Hi there, I’m working on a bioinformatics project where I need to import, edit and export a FASTA sequence.
Now, I managed to import and edit the sequence; however, once I export it I need the header to be placed before the body of each chromosome sequence followed by an enter/new-line. This has to repeat for all chromosomes.

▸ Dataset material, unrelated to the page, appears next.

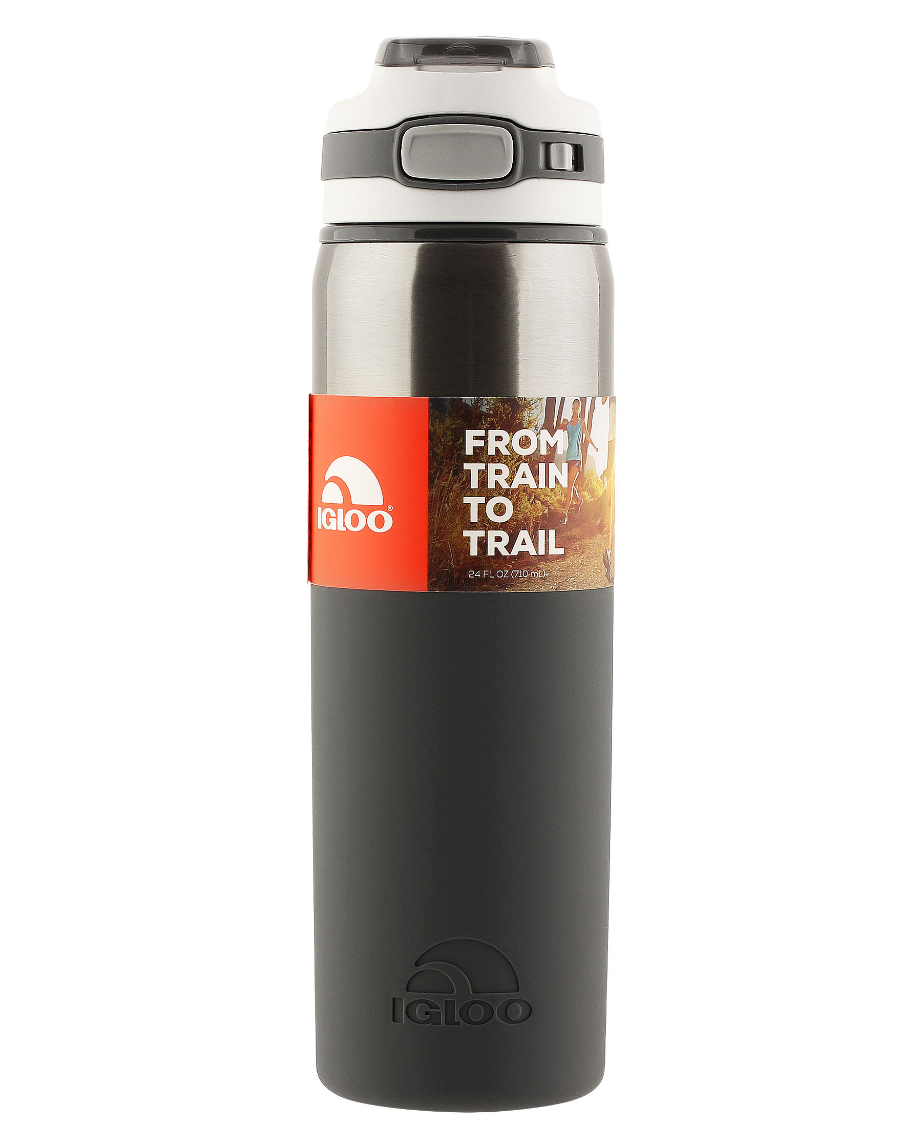 Кружка-термос из нержавеющей стали 700 мл igloo tahoe 24 asphalt. Объем: 700 миллилитров (24 ounces) Материал корпуса: Нержавеющая сталь 18/8 Материал колбы: Нержавеющая сталь 18/8 Пробка: Съемная, пластиковая на резьбе Особенности: Кнопка-фиксатор «Lid Lock», откидное кольцо для переноски Сохраняет горячее: до 8 часов (только теплые напитки для глотков из трубочки) Сохраняет холодное: до 30 часов • Легкая, компактная, герметичная, небьющаяся кружа-термос с двумя стенками из нержавеющей 18/8 стали и вакуумной изоляцией. • Объем 0,7л • Для настольного использования, для занятий спортом, для отдыха на природе, для путешествий на автомобиле. • Пожизненная гарантия изолирующего действия*. • Легкая, компактная, небьющаяся кружа-термос с двумя стенками из нержавеющей стали 18/8 и вакуумной изоляцией • Мягкий силиконовый чехол на корпусе бутылки для удобного захвата рукой • Система поильника с откидной крышкой и кнопкой блокировки «Lid Lock» от случайного проливания для 100% герметичности • Технология «AUTO CHUG™» — Кнопка на крышке обеспечивает открытие бутылки одной рукой • Встроенная в крышку петля для удобства переноски • Не использовать в посудомоечной машине (только для мытья руками). • Пластик Tritan™, BPA-Free для переноски • Не размещать в СВЧ печи.

Below, an example of the intended final output:
>chr_header1
GGACTTGAAACAGGGAGTCCTGCACGACCCGTATTGCACGTTAAAGGCAGGCCACACTGTTCCCGATATCAAAGCCCAAACGTGTGAGTATTGGAATTCACGGCGGAAGGTTCACCATTCGTCTATAGAAATTTTCATCAACCCGGAACT...
>chr_header2
AACAATGCTGTACCAGACCCCCTAACCTCCTCAGGTGATAAGTGTCTGACTGCTGACTTGTCCTAAATTGTCCGCTAGAATGGAATCCTAACGTTCGAAATACTTATTCGGTATACCAGGGTCGGCATTTTATTTTCGTCGATTATTTCG...
.
.
.
This is the code I’m using
###library import
from Bio import SeqIO
import random
###external strings handling, to be added into the FASTA
input_file = open("hs_retro.txt")
my_dict = SeqIO.to_dict(SeqIO.parse(input_file, "fasta"))
#my_dict
###compute sequence length
l = []
for v in my_dict.values():
l.append(len(v))
print(l)
###extract string sequences
s = []
for k in my_dict.values():
s.append(k)
# if you have items with a seq attribute, then extract that first:
s = [str(item.seq) for item in s]
#print([s])
###import FASTA
def fasta_reader(filename):
from Bio.SeqIO.FastaIO import FastaIterator
with open(filename) as handle:
for record in FastaIterator(handle):
yield record
head = []
body = []
#head = ""
#body = ""
for entry in fasta_reader("hg37.fasta"):
head.append(str(entry.id))
body.append(str(entry.seq))
#head = str(entry.id)
#body = str(entry.seq)
#print(head)
#print(body)
header = [">" + h for h in head]
#THIS PART NEED TO BE CHANGED...
grch37 = "\n".join(map(str, [a + b for a,b in zip(header,body)]))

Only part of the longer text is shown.